From there, if $R=b(R)\times h(R)$ and

$$ \begin{align*}b(R)=\bigcup_{i\in J}I^{(n_i)},\end{align*} $$

where J is some index and $I^{(n_i)}$ is an interval in the $n_i$ th step of the staircase configuration, then

$$ \begin{align*} \lim_{t\to\infty}\unicode{x3bb}(I^{(m)}\cap \phi_{-t}(R))=\lim_{t\to\infty}\sum_{i\in J}\unicode{x3bb}(\phi_t(I)\cap I^{(n_i)}\times h(R))\geq \mu(R)\unicode{x3bb}(I^{(m)}). \end{align*} $$

For the classical staircase case, we can calculate explicitly the intervals where the roof function is $1$ and q. If the first interval of definition has length A, then the first spacer $s_2$ (remember that $s_1=0$ ) will have length $({A}/{2})$ , and for the third step, we have to add $3$ spacers each of length $({A}/{6})$ . In general, we have that the total length of all the spacers added after k steps is

$$ \begin{align*} \sum_{n=1}^k \frac{A}{n!}\sum_{i=1}^n(i-1)=\sum_{n=1}^{k} \frac{A(n-1)}{2(n-1)!}=\frac{A}{2} + \sum_{n=2}^{k}\frac{A}{2(n-2)!}, \end{align*} $$

which converges to $({A}/{2}) + ({Ae}/{2})$ . Therefore, if we want the interval I to have length $1$ , then we should have that $A={2}/({3+e})$ .

Lemma 4.4. There exists an $m_0$ depending solely on q such that for every $m\geq m_0$ , when $I^{(m)}$ is an m-level of the configuration of the classical staircase T and R is a rectangle under the graph of f, if $\pi _x$ is the horizontal projection and $b(R)=\pi _x(R)$ is the base of the rectangle R, then

$$ \begin{align*} \lim_{t\to \infty} \unicode{x3bb}(\phi_t(I^{(m)}))\cap \pi_x^{-1}(\pi_x(R))=\unicode{x3bb}(I^{(m)})\unicode{x3bb}(b(R)). \end{align*} $$

Proof. For this proof, we use the fact that the classical staircase transformation T is mixing.

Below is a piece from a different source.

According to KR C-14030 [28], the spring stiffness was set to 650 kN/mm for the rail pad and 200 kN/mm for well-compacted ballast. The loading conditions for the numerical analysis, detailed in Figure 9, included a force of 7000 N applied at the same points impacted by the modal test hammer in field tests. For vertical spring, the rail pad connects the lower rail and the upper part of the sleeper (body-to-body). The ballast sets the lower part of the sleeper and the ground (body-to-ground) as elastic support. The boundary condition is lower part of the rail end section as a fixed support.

First, we need to check that if m is large, then for arbitrary t,

$$ \begin{align*} \unicode{x3bb}(\pi_x(\phi_t(I^{(m)})))=\unicode{x3bb}(I^{(m)}).\end{align*} $$

Suppose that for a level $I^{(m)}$ ,

$$ \begin{align*}\unicode{x3bb}(\pi_x(\phi_t(I^{(m)})))<\unicode{x3bb}(I^{(m)}).\end{align*} $$

This implies that there exist two different sublevels $I^{(n+m)}_{i}$ and $I^{(n+m)}_{j}$ and non-negative real numbers $t,s$ such that

$$ \begin{align*} \phi_{t-s}(I^{(n+m)}_{i})=\phi_t(I^{(n+m)}_{j}). \end{align*} $$

Moreover, $s\geq 0$ must be smaller than $1$ or q.

Figure 3

Part of the orbit of the special flow built under f and the classical staircase T (colour online).

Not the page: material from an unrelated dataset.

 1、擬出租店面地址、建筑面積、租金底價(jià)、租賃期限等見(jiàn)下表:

Observe that if we order upwards the sublevels in which $I^{(m)}$ is partitioned in the $(m+n)$ th step of the configuration of the staircase, then $j<i$ . This complication arises because under the intervals positioned beneath $1$ , there may be accumulations of other intervals at varying heights. To illustrate this concept, if an interval lies below q, a single iteration of $\phi _q$ elevates this interval to the subsequent level in the staircase configuration. Conversely, if the interval lies beneath $1$ , there exists a value $N_0>1$ such that $(N_0-1)q<1\leq N_0q$ . This indicates that it takes several iterations (specifically, at most $N_0$ iterations) before the interval advances to the next level in the staircase configuration; therefore, if two sublevels $I^{(n+m)}_i,I^{(n+m)}_j$ are in a distance smaller than $2N_0$ , it follows that under the action of the flow $\phi _t$ , we might encounter several instances $t_l$ in which

$$ \begin{align*}\pi_x(\phi_{t_l}(I_i^{(n+m)}))\cap \pi_x(\phi_{t_l}(I_j^{(n+m)}))\neq\emptyset.\end{align*} $$

We demonstrate that if the initial interval is sufficiently small, we will not find this problem.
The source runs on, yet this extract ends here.